Le laboratoire IN’OYA à Gardanne a breveté en collaboration avec le CNRS, des cosmétiques contre l’hyper pigmentation des peaux noires. IN’OYA s’est engagé dans une démarche de développement durable au profit de l’initiative africaine de la Grande Muraille Verte.

Capsum installée au Technopôle de Château-Gombert (70 salariés, 38 brevets) a développé une technologie d’encapsulation des actifs qui permet de se passer des solvants et autres tensioactifs dans la formulation des produits.

Feeligreen à Valbonne conçoit des dispositifs utilisant des micro-courants pour diffuser des actifs à travers la peau.

Une filière entreprenante et éco-responsable

Des initiatives privées collectives telles que « La route des saveurs et senteurs en Haute Provence » valorisent le territoire et s’ajoutent aux retombées touristiques et économiques indirectes de cette filière estimées à 1,7 milliards d’euros en 2007.

A côté de nos marques régionales bien installées (citons Florame, Terre d’Oc, L’Occitane en Provence, L’Othantique, Melvita, Thalgo), la Provence a vu naître ces dernières années de belles marques de cosmétiques naturelles, bio, sourcées et produites en Provence. Cet entrepreneuriat très féminin est engagé dans des démarches éco-responsables, sociales et
solidaires : parmi elles citons SENTEURS DU SUD à La Ciotat, LES FÉES EN PROVENCE à Aubagne, PULPE DE VIE à Marseille, OLIVE ET CALISSONS à Aix-en-Provence, COEUR DE CIGALE à Valréas, PROPOS NATURE, à La Roque d’Anthéron.

Une filière structurée

Investie dans une révolution verte, la filière bénéficie de tout un écosystème dans un engagement éco-responsable pour des produits plus sûrs, utilisant moins de solvants, consommant moins d’énergie et réduisant les rejets.

Le pôle de compétitivité PASS (Parfums, Arômes, Senteurs, Saveurs) à Grasse (06) fédère les entreprises du secteur et favorise par ses actions l’innovation et la compétitivité mondiale.

Le CPPARM (Comité des Plantes à Parfum, Aromatiques et Médicinales) à Manosque travaille à défendre, accroître et valoriser la production provençale. « Les retombées de ces filières en termes d’image, et d’économie sont très positives pour la Provence » affirme Aurélie Gommé, directrice du CPPARM.

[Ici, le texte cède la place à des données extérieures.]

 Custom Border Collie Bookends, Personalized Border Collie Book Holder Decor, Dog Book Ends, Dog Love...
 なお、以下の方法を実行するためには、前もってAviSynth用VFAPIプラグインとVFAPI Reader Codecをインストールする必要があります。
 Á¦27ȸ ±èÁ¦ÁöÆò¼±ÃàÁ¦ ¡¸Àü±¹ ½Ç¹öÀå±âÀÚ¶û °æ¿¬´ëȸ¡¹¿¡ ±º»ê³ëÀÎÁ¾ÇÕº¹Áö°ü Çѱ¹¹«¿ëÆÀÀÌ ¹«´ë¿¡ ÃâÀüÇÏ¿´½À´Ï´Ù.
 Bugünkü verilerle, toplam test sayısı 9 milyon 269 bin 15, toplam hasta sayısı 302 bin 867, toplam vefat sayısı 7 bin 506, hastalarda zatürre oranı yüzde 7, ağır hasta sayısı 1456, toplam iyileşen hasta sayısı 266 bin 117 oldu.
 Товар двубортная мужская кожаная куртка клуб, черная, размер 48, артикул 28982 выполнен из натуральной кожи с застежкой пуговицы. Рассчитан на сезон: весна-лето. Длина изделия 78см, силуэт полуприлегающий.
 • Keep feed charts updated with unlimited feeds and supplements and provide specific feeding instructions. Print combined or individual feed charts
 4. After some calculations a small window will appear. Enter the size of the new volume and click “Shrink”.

L’association AUTHENTIC PROVENCE est née en 2013 de la volonté d’entreprises du secteur de garantir aux consommateurs l’origine provençale de la marque : « Cette initiative apporte une garantie aux distributeurs étrangers en quête d’authenticité et en lutte contre la contrefaçon » souligne Christophe Gilles, président de l’association et dirigeant du
laboratoire Algovital.

L’association COSMEBIO promeut une filière d’excellence et sensibilise le public à une cosmétique différente. En Provence, 50 entreprises y adhèrent. « La cosmétique bio a ouvert de nouvelles voies de recherche à la cosmétique conventionnelle » précise Jean François Gravier, membre de la commission technique et Président des Laboratoires Gravier en évoquant le rachat de SANOFLORE par L’ORÉAL.

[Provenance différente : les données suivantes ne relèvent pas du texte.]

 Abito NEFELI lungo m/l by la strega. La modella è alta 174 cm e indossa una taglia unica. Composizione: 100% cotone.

COSMED (700 adhérents dont 200 en PACA) à Aix-en-Provence réunit les TPE et PME du secteur, sa vocation est de défendre les intérêts de ses membres et de fournir des services (veille règlementaire, formation, groupement d’achats).

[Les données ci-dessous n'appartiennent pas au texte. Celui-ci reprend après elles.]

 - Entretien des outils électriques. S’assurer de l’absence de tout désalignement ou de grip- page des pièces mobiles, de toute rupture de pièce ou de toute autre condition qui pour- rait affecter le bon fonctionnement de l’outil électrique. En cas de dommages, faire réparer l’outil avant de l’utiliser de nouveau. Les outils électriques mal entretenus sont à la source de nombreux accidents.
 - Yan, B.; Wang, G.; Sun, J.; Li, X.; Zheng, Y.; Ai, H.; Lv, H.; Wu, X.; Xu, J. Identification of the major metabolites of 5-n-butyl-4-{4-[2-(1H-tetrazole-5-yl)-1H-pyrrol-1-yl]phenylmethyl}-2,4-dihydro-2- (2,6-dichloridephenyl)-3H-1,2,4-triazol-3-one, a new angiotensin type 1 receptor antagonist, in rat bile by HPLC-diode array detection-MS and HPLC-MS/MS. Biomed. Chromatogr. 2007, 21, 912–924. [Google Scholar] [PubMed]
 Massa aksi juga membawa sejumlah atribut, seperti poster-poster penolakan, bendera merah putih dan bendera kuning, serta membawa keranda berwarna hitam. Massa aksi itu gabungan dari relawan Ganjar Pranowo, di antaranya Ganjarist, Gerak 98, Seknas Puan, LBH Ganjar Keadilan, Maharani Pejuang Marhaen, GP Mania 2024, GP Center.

Obligatoire à partir du 1er janvier 2017, le référentiel européen COSMOS s’emploie à sauvegarder l’environnement et à assurer le bien-être en favorisant le développement de produits cosmétiques naturels et biologiques et en diffusant une information transparente afin que les consommateurs puissent être les acteurs du développement durable.

A Marseille, la plateforme Cosmétic Provence offre aux petites entreprises du secteur l’accès à des ressources techniques, marketing, industrielles et juridiques. “C’est un réseau de partenaires”, explique son président Jean-Claude Hubaud, fondateur du laboratoire Hélioscience spécialisé dans l’évaluation des protections solaires.